Corvids are also murderous and carnivorous - we once rescued a baby jay from two adult magpies who were aggressively trying to kill it.

We had to sit for ages guarding the baby jay.The magpies just sat on the roof top waiting for us to go. We got the baby back to near its parents and it's nest but I would be very surprised if the magpies didn't pounce as soon as we left.

LonelyandTiredandLow · 14/02/2019 09:53

Brexit Broadcast Corporation skimming over the details of the deals Fox has done without explaining what has been lost from them with the canny acknowledgement by Alan Winters, director of the UK Trade Policy Observatory at University of Sussex that ""You can't simply roll over everything - these existing agreements will have references to EU law, so you cannot avoid some negotiation," he says."

1tisILeClerc · 14/02/2019 09:55

{Corvids are also murderous and carnivorous - we once rescued a baby jay from two adult magpies who were aggressively trying to kill it.

We had to sit for ages guarding the baby jay.The magpies just sat on the roof top waiting for us to go. We got the baby back to near its parents and it's nest but I would be very surprised if the magpies didn't pounce as soon as we left.}
I get the feeling you are trying to tell us something here. Maybe replace 'magpie' with 'Russian' perhaps and see how it fits?

DGRossetti · 14/02/2019 10:00

Corvids are also murderous and carnivorous - we once rescued a baby jay from two adult magpies who were aggressively trying to kill it.

Like chimps, then. Nature Red in Tooth and Claw ?

I was pondering recently if scarecrows work, is it more because the crows know not to feed in certain fields, and it's more a cooperation between man and bird, not the rather insulting "bird is scared of flapping cloth" narrative we've been sold up till now Hmm ?

There was a fascinating Monkey Cage a while back about "bird" brains ...

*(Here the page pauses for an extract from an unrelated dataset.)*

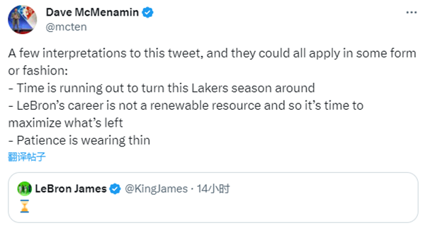 詹姆斯凌晨2点多发推,晒出一个沙漏的表情,究竟老詹暗示什么倒计时?湖人随队记者Dave McMenamin解读詹姆斯的神秘推文,发推写道:湖人扭转赛季的时间已经不多了;勒布朗的职业生涯不是可再生资源,所以是时候最大限度地利用剩下的资源了;(勒布朗的)耐心正在消失。
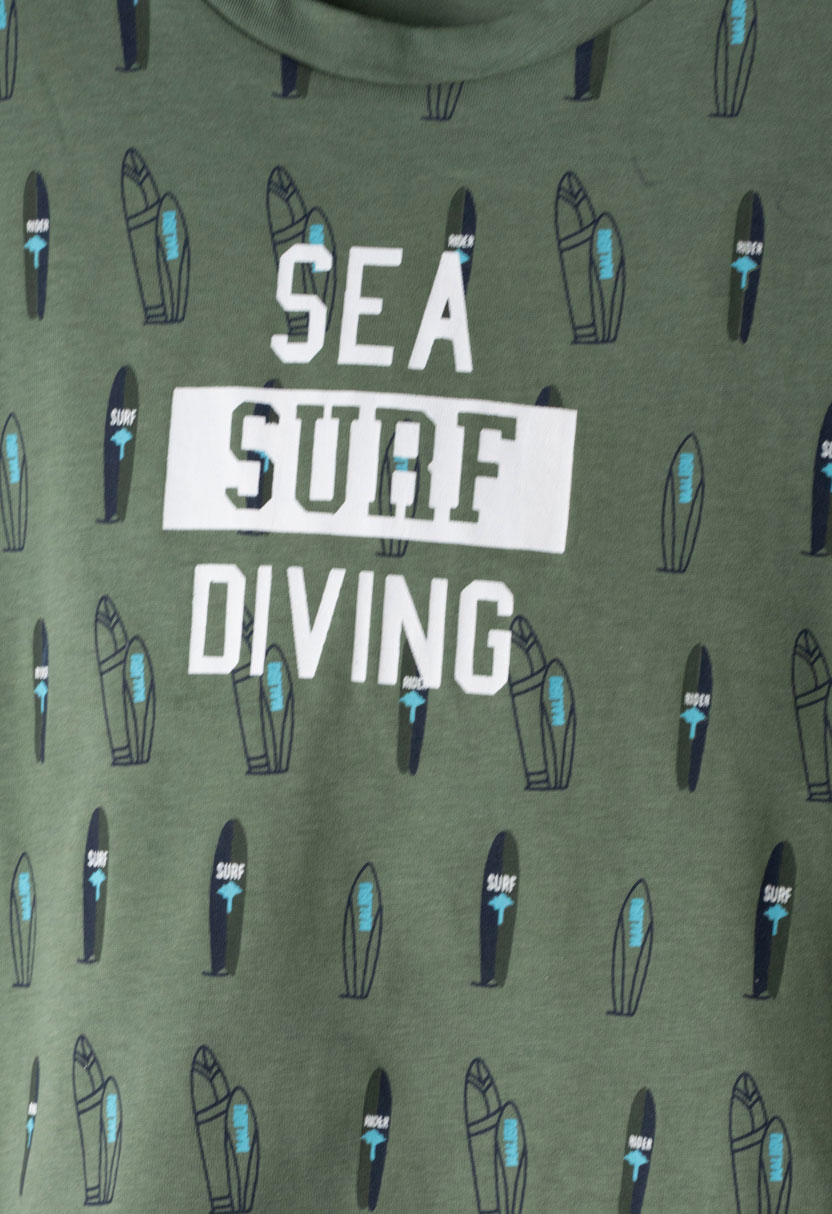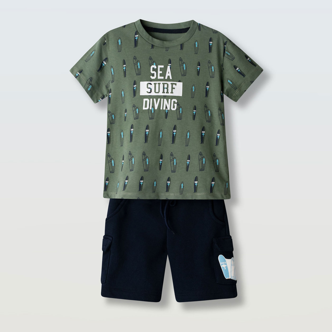 Καλοκαιρινό, άνετο και γεμάτο surf διάθεση, το παιδικό σετ Hashtag με βερμούδα σε χακί μαρέν αποχρώσεις είναι ιδανικό για δραστήρια αγόρια που αγαπούν το σπορ και casual στυλ.Η κοντομάνικη μπλούζα σε χακί χρώμα διαθέτει all-over τύπωμα με σανίδες surf και μοντέρνο λεκτικό print SEA SURF DIVING, χαρίζοντας καλοκαιρινό χαρακτήρα στο σύνολο. Η μαρέν βερμούδα cargo συμπληρώνει ιδανικά το outfit, με πρακτικές πλαϊνές τσέπες και ελαστική μέση με κορδόνι για άνετη και σταθερή εφαρμογή.Ένα ολοκληρωμένο σετ που φοριέται από το σχολείο μέχρι τις καλοκαιρινές βόλτες και τις διακοπές.

TokyoSushi · 14/02/2019 10:00

Sorry if already been asked, what time is the vote today? Any ideas?

lonelyplanetmum · 14/02/2019 10:00

I was trying to think of an insightful poignant parallel -but I couldn't!
Two years worth of analogy has come to nowt anyway..

lonelyplanetmum · 14/02/2019 10:02

I don't think scarecrows do work a bit like no deal threats... grasping at analogy straws here.

DGRossetti · 14/02/2019 10:09

Sorry if already been asked, what time is the vote today? Any ideas?

Does it matter ?

It's impossible to leave that there without it sounding snarky, which it wasn't meant to. It's the reality.

What effect could anything that happens in the HoC today possibly have on the course of Brexit ?

Nothing. Nada. Through the dark arts of parliamentary procedure we already know the vote isn't binding or "proper". And regardless of what the outcome is, will it change TMs course ? No.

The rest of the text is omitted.